CGtag: complete genomics toolkit and annotation in a cloud-based Galaxy
- Equal contributors
1 Department of Bioinformatics, Erasmus MC, Dr. Molewaterplein 5, 3015 GE Rotterdam, The Netherlands
2 Department of Urology, Erasmus MC, Dr. Molewaterplein 5, 3015 GE Rotterdam, The Netherlands
3 Netherlands Bioinformatics Center, NBIC, Geert Grooteplein 28, 6525 GA Nijmegen, The Netherlands
4 Department of Microbial Ecology, Netherlands Institute of Ecology, NIOO-KNAW, Droevendaalsesteeg 10, 6708 PB Wageningen, The Netherlands
GigaScience 2014, 3:1 doi:10.1186/2047-217X-3-1Published: 24 January 2014
Complete Genomics provides an open-source suite of command-line tools for the analysis of their CG-formatted mapped sequencing files. Determination of; for example, the functional impact of detected variants, requires annotation with various databases that often require command-line and/or programming experience; thus, limiting their use to the average research scientist. We have therefore implemented this CG toolkit, together with a number of annotation, visualisation and file manipulation tools in Galaxy called CGtag (Complete Genomics Toolkit and Annotation in a Cloud-based Galaxy).

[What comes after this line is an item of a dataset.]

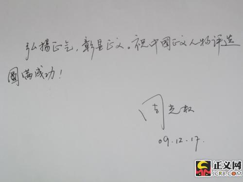 寄語:弘揚正氣,彰顯正義,祝中國正義人物評選圓滿成功!

In order to provide research scientists with web-based, simple and accurate analytical and visualisation applications for the selection of candidate mutations from Complete Genomics data, we have implemented the open-source Complete Genomics tool set, CGATools, in Galaxy. In addition we implemented some of the most popular command-line annotation and visualisation tools to allow research scientists to select candidate pathological mutations (SNV, and indels). Furthermore, we have developed a cloud-based public Galaxy instance to host the CGtag toolkit and other associated modules.
CGtag provides a user-friendly interface to all research scientists wishing to select candidate variants from CG or other next-generation sequencing platforms’ data. By using a cloud-based infrastructure, we can also assure sufficient and on-demand computation and storage resources to handle the analysis tasks. The tools are freely available for use from an NBIC/CTMM-TraIT (The Netherlands Bioinformatics Center/Center for Translational Molecular Medicine) cloud-based Galaxy instance, or can be installed to a local (production) Galaxy via the NBIC Galaxy tool shed.